Created attachment 188323 [details]
Patch for the ULE load balancer solving the issue of this bug report.
The load balancer of ULE has a bug which cause it to be executed only once at startup, and it will *never* be executed again.
The reason is simple, when the sched_balance function is called for the first time, the smp is not yet setup, and the function returns.
However the balance_tick variable is not resetted before the return and thus will remains 0 for ever.
Because the condition in sched_clock to trigger the load balancer is :
" balance_ticks && --balance_ticks == 0 ", once balance_ticks is 0, this condition will never be met, and thus the load balancer will never be executed again.
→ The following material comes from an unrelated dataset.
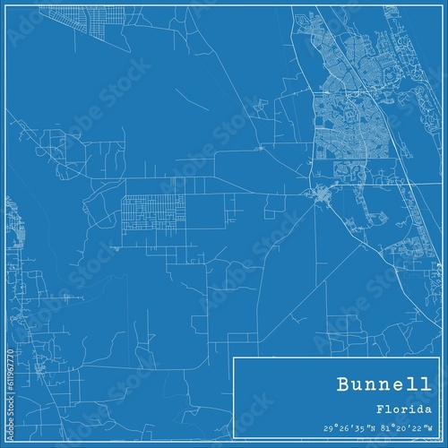 © Rezona, Fototapeta premium Blueprint US city map of Bunnell, Florida.

To convince yourself you can even put a panic right before the call to sched_balance_group in sched_balance, it will never panic ...
The fix is rather simple, just move the line resetting the balance_ticks value *before* the if branch "if (smp_started == 0 || rebalance == 0)". That way we are sure that the load balancer is re-scheduled.
I think the analysis is correct.
Might be, sched_initticks() should set the balance_ticks as well, after the balance_interval is initialized ?
sched_setup calls sched_setup_smp which in turns calls sched_balance that will set the balance_ticks.
Maybe, this version use less overhead charges for not SMP and given the sched_random() function.
--- sched_ule.c.orig 2017-11-29 09:23:11.503091000 +0200
+++ sched_ule.c.my1 2017-12-12 13:40:46.330506000 +0200
@@ -880,11 +880,15 @@
struct tdq *tdq;
- if (smp_started == 0 || rebalance == 0)
+ if (smp_started == 0)
balance_ticks = max(balance_interval / 2, 1) +
(sched_random() % balance_interval);
+ if (rebalance == 0)
tdq = TDQ_SELF();
(In reply to Ivan Klymenko from comment #3)
Sorry, I think I said foolishness.